Paganini, Niccolò

24 Caprices for Solo Violin

Rubrik: CDs
Verlag/Label: hyperion CDA67763
erschienen in: das Orchester 01/2010 , Seite 76

Paganinis 24 Capricci per violino solo op. 1 stellen Geiger vor größte technische Herausforderungen. Höchste Lagen, Flageolett, Oktav- und Doppelgriffe fordern die linke Hand, die Bogenhand muss die ganze Bandbreite vom Legato bis zum Spiccato beherrschen. Paganini galt nicht zuletzt wegen seiner Capricci als Teufelsgeiger. Technische Virtuosität und extremer musikalischer Ausdruck, ganz im Sinn der beginnenden Romantik, verbanden sich in seinem Spiel zu einer Dämonie, die das Publikum in ihren Bann zog.
Wer heute die Caprices im Konzert oder auf CD spielt, läuft Gefahr, dass ihm das Etikett eines mit allen Wassern des Geigenspiels gewaschenen Technikers und Virtuosen im Gegensatz zum Interpreten, dem es um das Eindringen in den Geist der Musik geht, angehängt wird. Doch dieses Vorurteil führt die erst 31-jährige Geigerin Tanja Becker-Bender in ihrer Einspielung der 24 Caprices mit Bravour ad absurdum. Sie spielt die Caprices nicht so, wie es dem Klischee des Teufelgeigers entspricht, vermeidet alles Dämonisierende und Rattenfängerische. Vielmehr geht sie an diese Werke mit derselben Haltung heran, mit der man auch Bachs Solosonaten spielen könnte.

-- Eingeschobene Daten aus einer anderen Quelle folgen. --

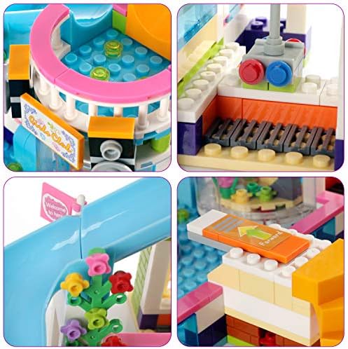 Total 1274 pieces friends treehouse and swimming pool building blocks in a storage bucket, easy to carry, collect and clean. Featuring 4 sports cars, slide, garden, food stand etc. The friends tree house and pool party building sets are compatible with other name brand blocks for creative building. Kids can use their imaginations to blend other blocks and create more extraordinary buildings. With the step-by-step instruction sheet, it will keep your kids busy for hours to assemble the whole treehouse set, they can also work with friends or parents to enjoy the building process. Exercise N Play Treehouse and pool party building kit delivers an enjoyable build-and-play experience. The detailed buildings stimulate imaginative, open-ended role play for kids of all ages. This swimming pool and treehouse building set sparks imagination, offers endless fun, makes an impressive Christmas holiday, birthday or any-other-day gift for boys and girls age 6 years and up.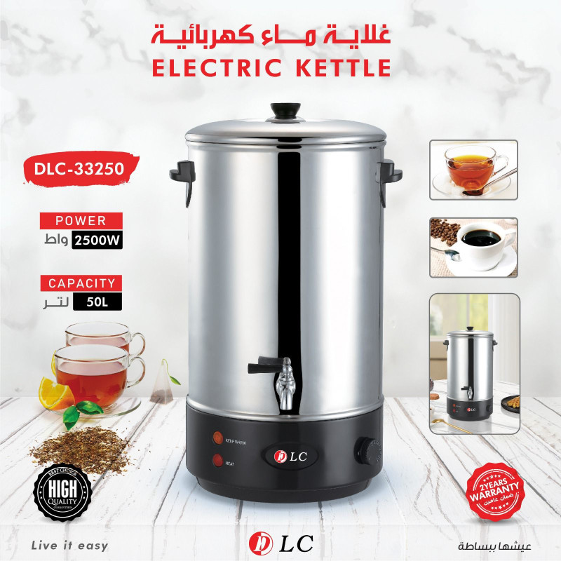 وصف المنتج: استمتع بتسخين كميات كبيرة من الماء بسهولة وسرعة مع غلاية LC الكهربائية بسعة ضخمة تصل إلى 50 لتر. تتميز الغلاية بهيكل متين من الستانلس ستيل المقاوم للصدأ يضمن أداءً طويل الأمد ونظافة مثالية. تعمل بقدرة 2500 واط لتسخين سريع وكفاءة عالية، كما تحتوي على مفتاح للتحكم بالحرارة ووظيفة الحفاظ على السخونة لضمان جاهزية الماء في أي وقت. مثالية للاستخدام في المناسبات، المطاعم، المقاهي، أو المكاتب.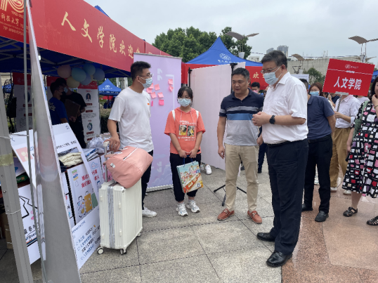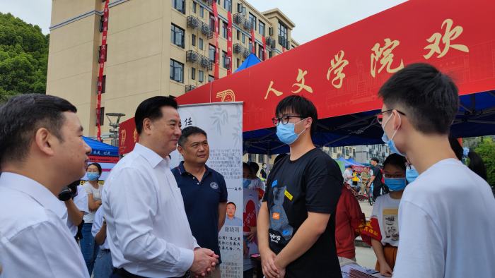 在爱因斯坦广场迎新点,校党委书记李元元、校长尤政、校党委副书记马建辉等校领导莅临迎新点,与来报到的新生同学进行亲切交流,传达了华中大对新成员热情的欢迎和温暖的关怀。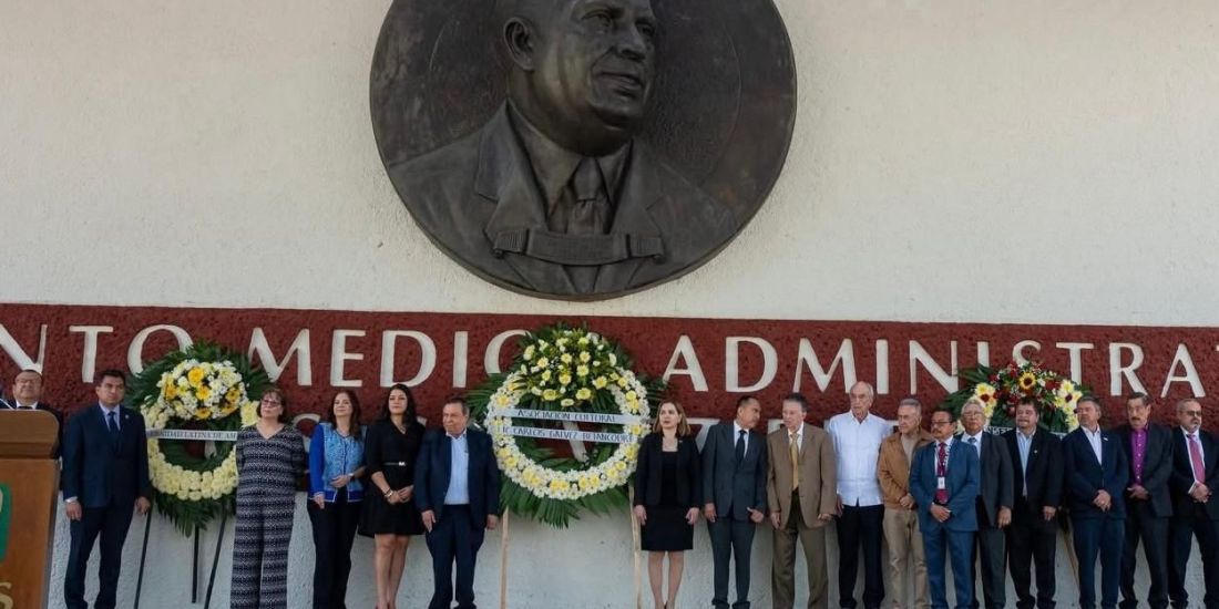 Finalmente se depositaron ofrendas florales y se montó una guardia de honor en el busto de la plaza del IMSS que lleva el nombre del homenajeado.

Sie nimmt die Noten ernst, wägt ihre Bedeutung und ihre Stellung im Zusammenhang ab und gestaltet daraus musikalische Strukturen von erstaunlicher Sinnhaftigkeit, die dann auch zu ausdrucksvollen musikalischen Bildern werden. Dabei gelingt es ihr, den Charakter der Stücke, etwa das Maestoso der 4. Caprice oder das gesangliche Amoroso der 21. Caprice überzeugend darzustellen. Allerdings vermeidet sie es, romantische Klischees wie etwa das „Teufelsgelächter“ der 13. Caprice zu betonen.
Im Beiheft der CD steht, dass die Künstlerin „es sich zur Aufgabe gemacht hat, den so subtil kommunikativen wie dramaturgisch gestaltenden Geist der Kammermusik auf alle Genres der Musik zu übertragen“. Sie spielt auch Paganinis Caprices kammermusikalisch, jede Note anders artikuliert, nie mit auftrumpfender Virtuosengeste, sondern stets auf Zusammenhänge, Klangnuancen und eine sprechende Gestaltung bedacht. Sie hält streng die Tempi ein und zeigt so, dass diese Stücke, so romantisch bizarr sie auch erscheinen mögen, einer musikalischen Logik folgen, die sie zu weit mehr als Virtuosenstücken macht: zu Kompositionen, die auch heute noch Bestand haben und die aus der Solo-Violine erstaunliche und unübertrefflich viele Klangmöglichkeiten entwickeln.
Paganini wird hier nicht nur als Violinvirtuose, sondern auch als Komponist ernst genommen. Zu Recht wurde Tanja Becker-Benders Einspielung von dem englischen Klassik-Magazin Gramophone mit dem „Editor’s Choice“ ausgezeichnet!